Assignment: Setting pictures aside, output exactly the lines from the start of the records to the line with "Opera polimaterica sagomata", that line included.

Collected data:
================
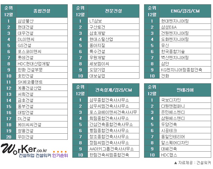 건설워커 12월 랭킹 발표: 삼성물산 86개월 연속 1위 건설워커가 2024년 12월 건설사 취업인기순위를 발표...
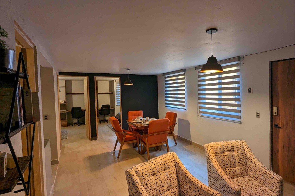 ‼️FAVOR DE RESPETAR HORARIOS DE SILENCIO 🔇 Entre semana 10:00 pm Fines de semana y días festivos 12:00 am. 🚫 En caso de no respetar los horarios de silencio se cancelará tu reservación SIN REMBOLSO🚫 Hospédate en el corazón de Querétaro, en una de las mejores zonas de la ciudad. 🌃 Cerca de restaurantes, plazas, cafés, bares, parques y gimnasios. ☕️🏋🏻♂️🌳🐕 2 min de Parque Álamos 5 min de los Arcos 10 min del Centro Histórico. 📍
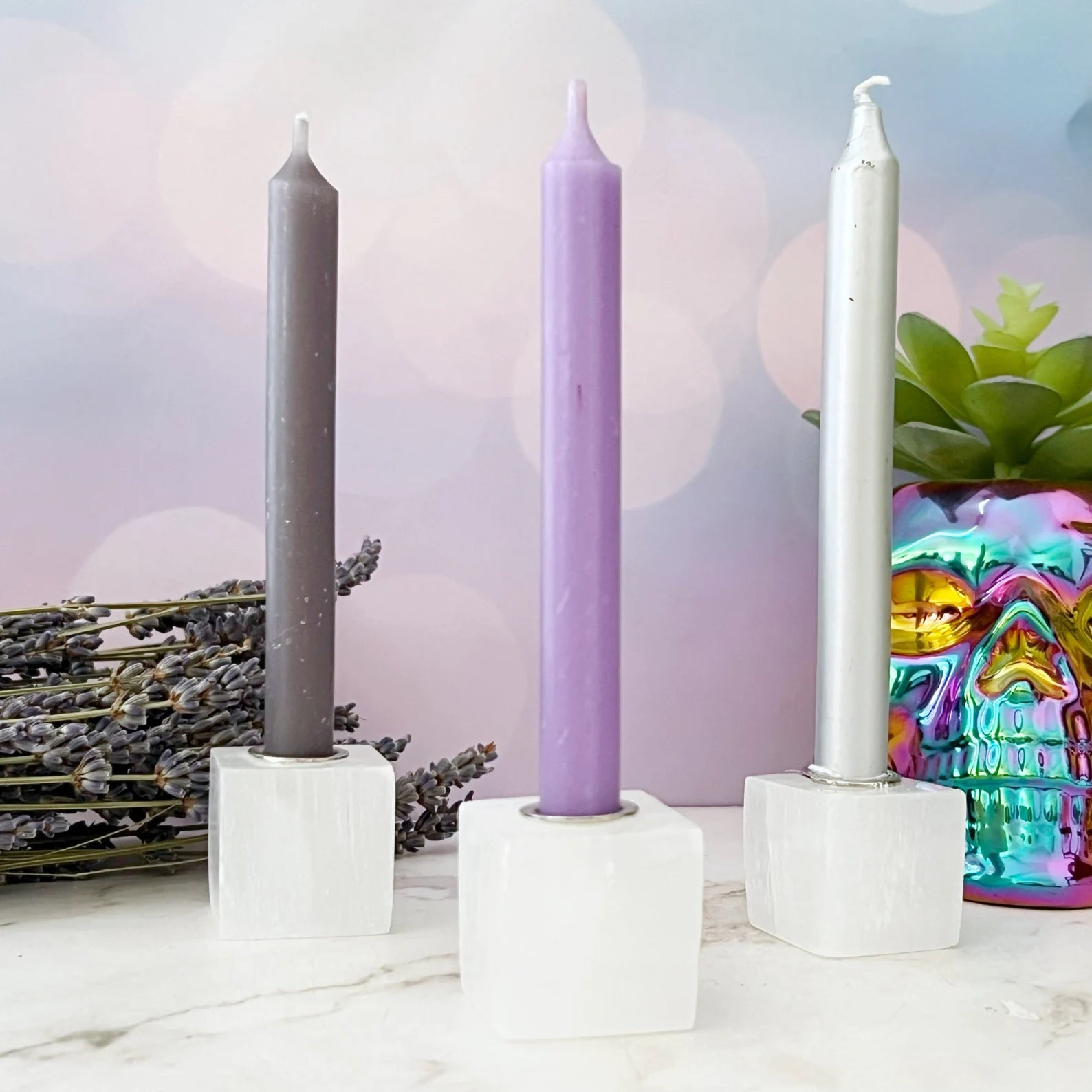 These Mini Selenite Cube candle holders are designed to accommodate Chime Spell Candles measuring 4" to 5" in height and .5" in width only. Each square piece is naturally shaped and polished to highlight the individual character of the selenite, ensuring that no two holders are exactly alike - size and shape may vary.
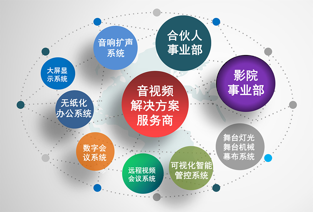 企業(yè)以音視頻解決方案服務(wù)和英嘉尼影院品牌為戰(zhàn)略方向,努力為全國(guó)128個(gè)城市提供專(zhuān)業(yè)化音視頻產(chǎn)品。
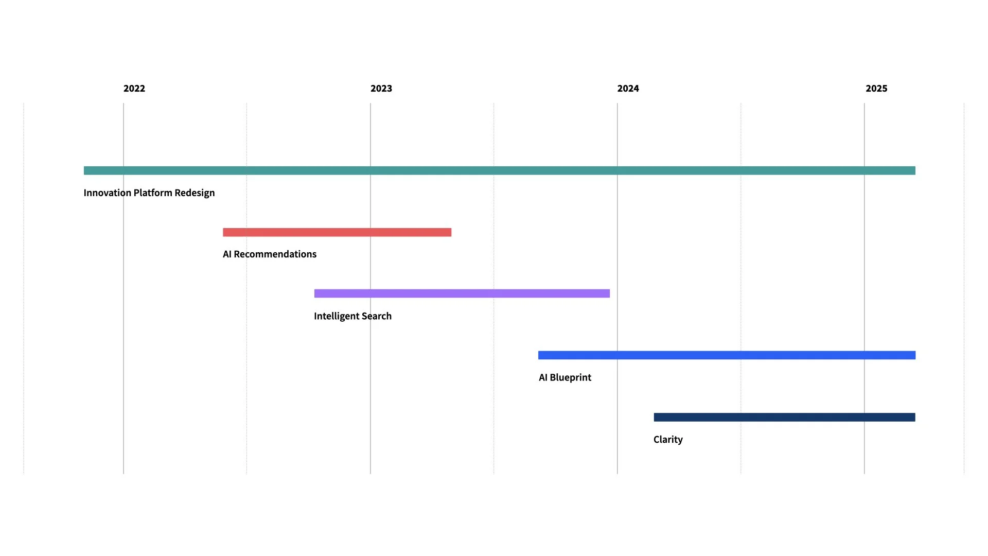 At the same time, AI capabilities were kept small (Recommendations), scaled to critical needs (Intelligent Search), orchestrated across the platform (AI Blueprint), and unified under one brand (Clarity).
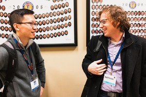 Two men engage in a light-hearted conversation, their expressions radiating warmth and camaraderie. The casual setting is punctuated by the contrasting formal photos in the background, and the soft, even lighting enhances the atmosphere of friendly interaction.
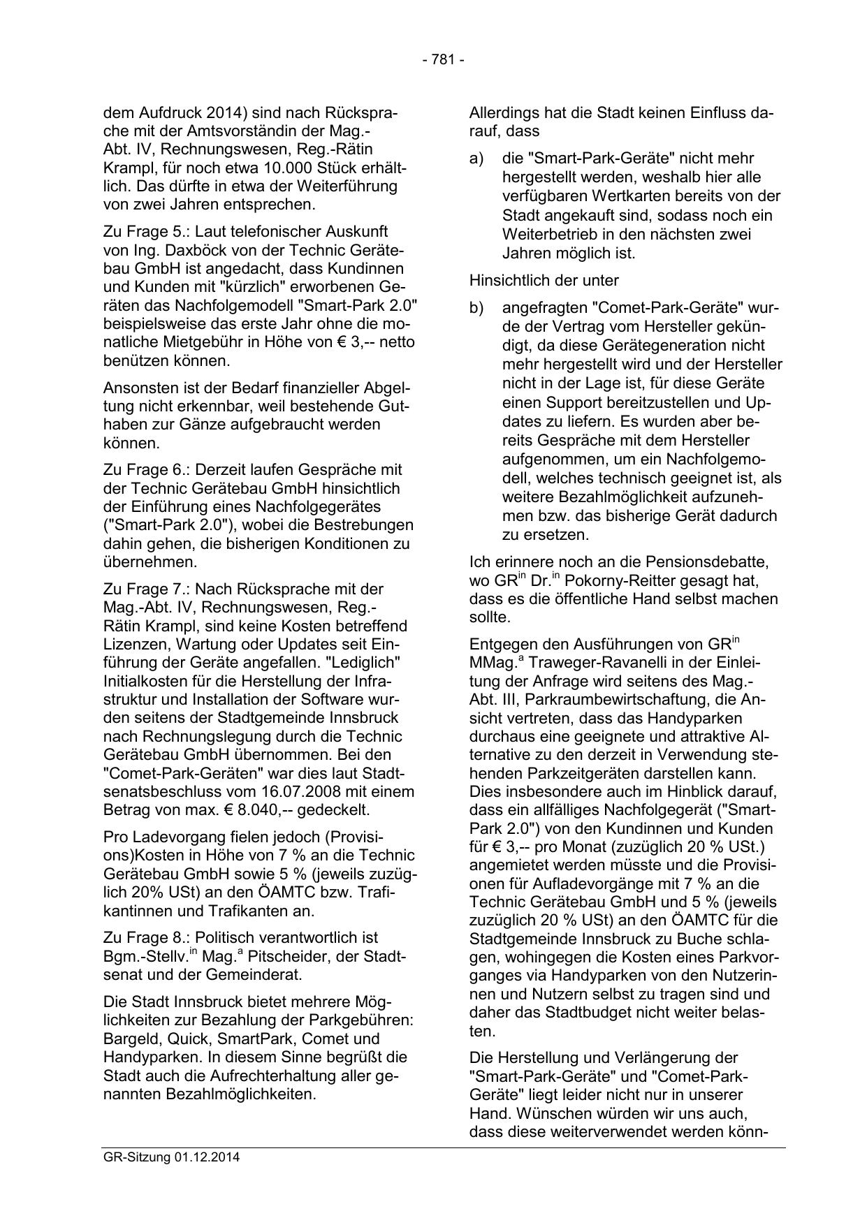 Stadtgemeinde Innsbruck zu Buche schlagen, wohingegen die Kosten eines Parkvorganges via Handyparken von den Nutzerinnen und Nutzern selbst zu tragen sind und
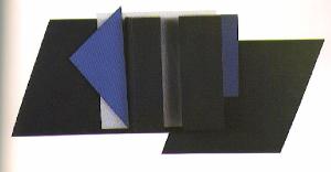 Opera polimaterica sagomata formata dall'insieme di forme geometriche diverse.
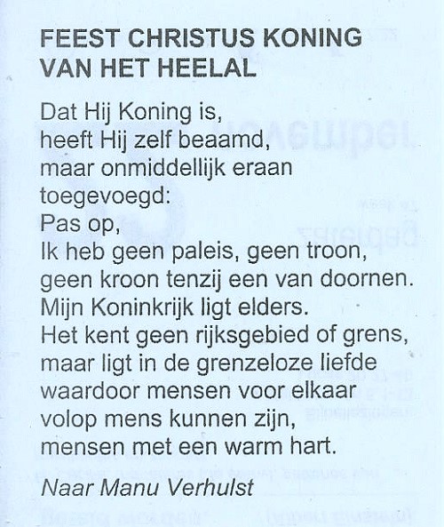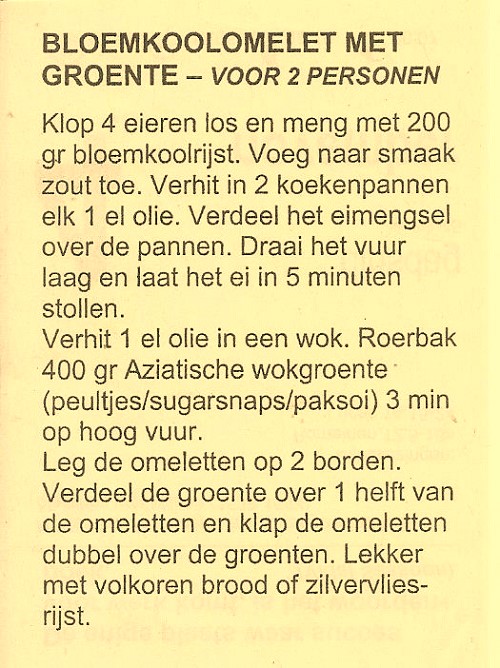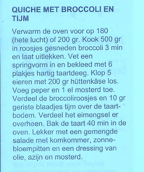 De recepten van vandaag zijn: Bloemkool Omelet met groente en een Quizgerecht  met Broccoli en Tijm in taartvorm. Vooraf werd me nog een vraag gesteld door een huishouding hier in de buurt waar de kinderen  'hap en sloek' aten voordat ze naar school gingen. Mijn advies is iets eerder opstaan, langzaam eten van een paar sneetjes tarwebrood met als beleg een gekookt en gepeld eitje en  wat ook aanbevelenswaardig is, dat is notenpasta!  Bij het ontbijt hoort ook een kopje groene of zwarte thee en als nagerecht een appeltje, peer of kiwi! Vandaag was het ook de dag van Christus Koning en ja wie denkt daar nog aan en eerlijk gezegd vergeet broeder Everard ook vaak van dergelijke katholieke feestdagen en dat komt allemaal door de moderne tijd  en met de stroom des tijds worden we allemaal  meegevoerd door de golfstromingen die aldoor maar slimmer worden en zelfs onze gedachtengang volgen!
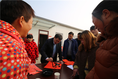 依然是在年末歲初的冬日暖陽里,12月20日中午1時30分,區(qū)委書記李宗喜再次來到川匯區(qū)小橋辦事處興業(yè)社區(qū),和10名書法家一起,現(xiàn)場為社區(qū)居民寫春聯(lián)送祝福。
================
Solution below:
 건설워커 12월 랭킹 발표: 삼성물산 86개월 연속 1위 건설워커가 2024년 12월 건설사 취업인기순위를 발표...
 ‼️FAVOR DE RESPETAR HORARIOS DE SILENCIO 🔇 Entre semana 10:00 pm Fines de semana y días festivos 12:00 am. 🚫 En caso de no respetar los horarios de silencio se cancelará tu reservación SIN REMBOLSO🚫 Hospédate en el corazón de Querétaro, en una de las mejores zonas de la ciudad. 🌃 Cerca de restaurantes, plazas, cafés, bares, parques y gimnasios. ☕️🏋🏻♂️🌳🐕 2 min de Parque Álamos 5 min de los Arcos 10 min del Centro Histórico. 📍
 These Mini Selenite Cube candle holders are designed to accommodate Chime Spell Candles measuring 4" to 5" in height and .5" in width only. Each square piece is naturally shaped and polished to highlight the individual character of the selenite, ensuring that no two holders are exactly alike - size and shape may vary.
 企業(yè)以音視頻解決方案服務(wù)和英嘉尼影院品牌為戰(zhàn)略方向,努力為全國(guó)128個(gè)城市提供專(zhuān)業(yè)化音視頻產(chǎn)品。
 At the same time, AI capabilities were kept small (Recommendations), scaled to critical needs (Intelligent Search), orchestrated across the platform (AI Blueprint), and unified under one brand (Clarity).
 Two men engage in a light-hearted conversation, their expressions radiating warmth and camaraderie. The casual setting is punctuated by the contrasting formal photos in the background, and the soft, even lighting enhances the atmosphere of friendly interaction.
 Stadtgemeinde Innsbruck zu Buche schlagen, wohingegen die Kosten eines Parkvorganges via Handyparken von den Nutzerinnen und Nutzern selbst zu tragen sind und
 Opera polimaterica sagomata formata dall'insieme di forme geometriche diverse.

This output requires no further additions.